Парень на странность обращения внимания снисходительно не обратил. Оглядел оценивающе, даже отошел чуть-чуть и, видимо, согласился, что стар.
— Тогда проводи меня.
Много повидал Сергей на своем бродячем веку танцплощадок, и все они для него, постороннего, были одинаковы. Те же девчонки-подростки, жмущиеся по углам, с распущенными волосами, с глазами, неестественно, наркотически блестящими от ожидания чуда и запретности своего пребывания здесь, среди веселья взрослых. Те же нарядные тридцатилетние женщины, пахнущие дешевыми кремами, танцующие шерочка с машерочкой вальс и танго, осуждающе глядящие на молодежь, когда под однообразный ритм начинали трястись, вздымая, как в молитве, сцепленные ладони. И признанная всеми «счастливая пара», словно помещенная в капсулу своей избранности и поглощенности друг другом.

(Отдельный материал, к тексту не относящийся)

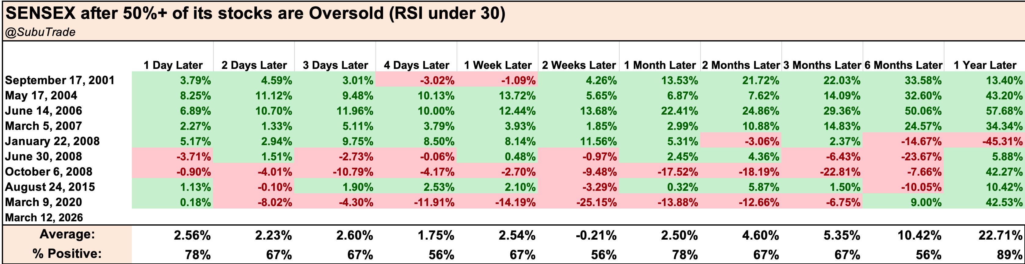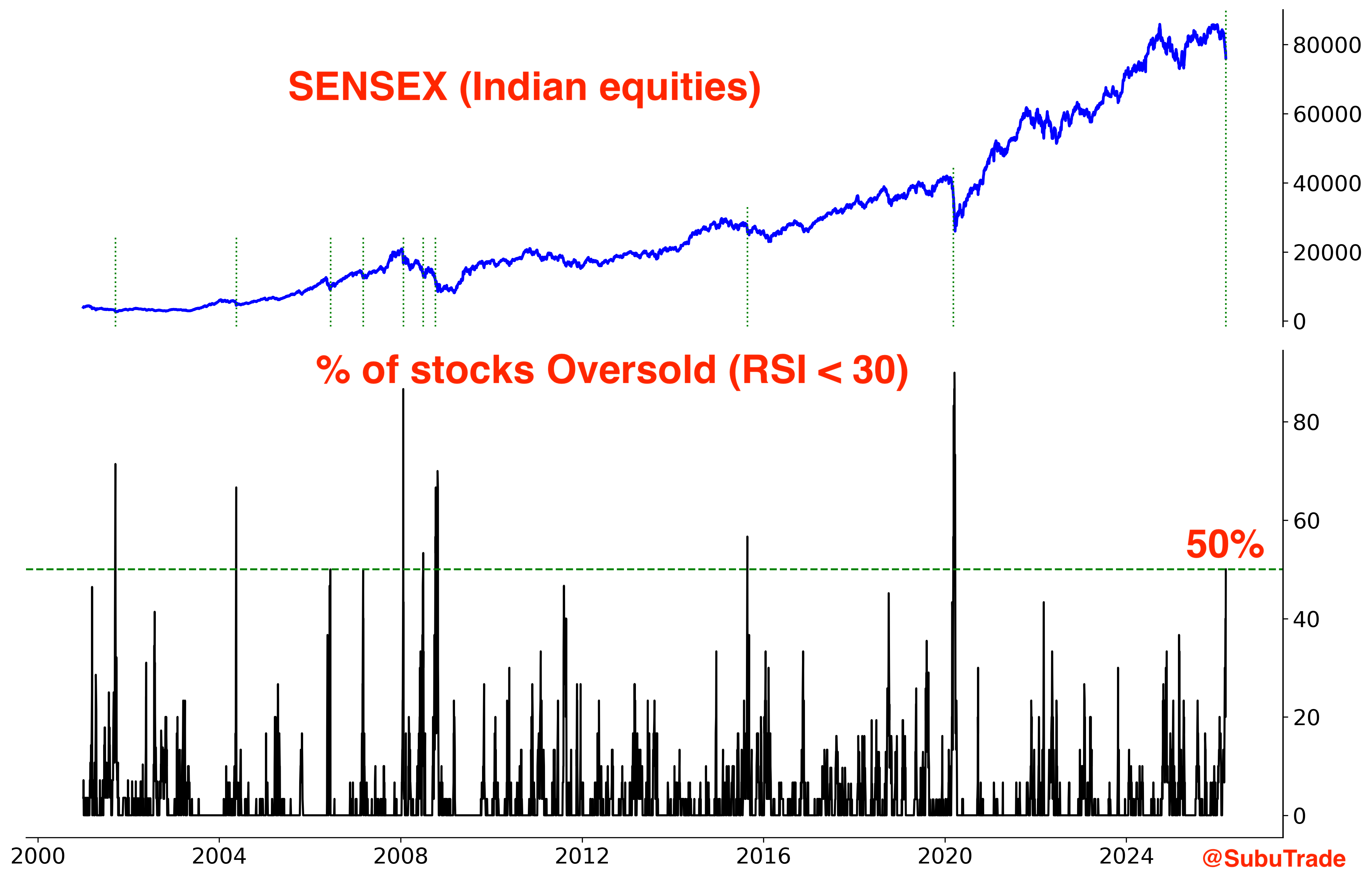 Indian equities have taken a hit from the Iran war. Half of SENSEX stocks are now oversold (RSI under 30):

Здесь «счастливой парой» были девушка с длинной русой косой, тоненькая, в белых лаковых туфлях на карикатурно огромной платформе, и ее кавалер — курсант училища МВД. Они останавливались лишь на короткие промежутки между танцами и снова молча, с отсутствующими лицами, отрешенным взглядом приникали друг к другу.
И все на этой дощатой веранде понимали, что это, может, лучший вечер в их жизни, и даже шныряющие между парами, разбивающие их, чтобы встать в кружок втроем, длинноволосые в широченных брюках ребята не задевали их, словно ощущая плечами оболочку невидимой капсулы.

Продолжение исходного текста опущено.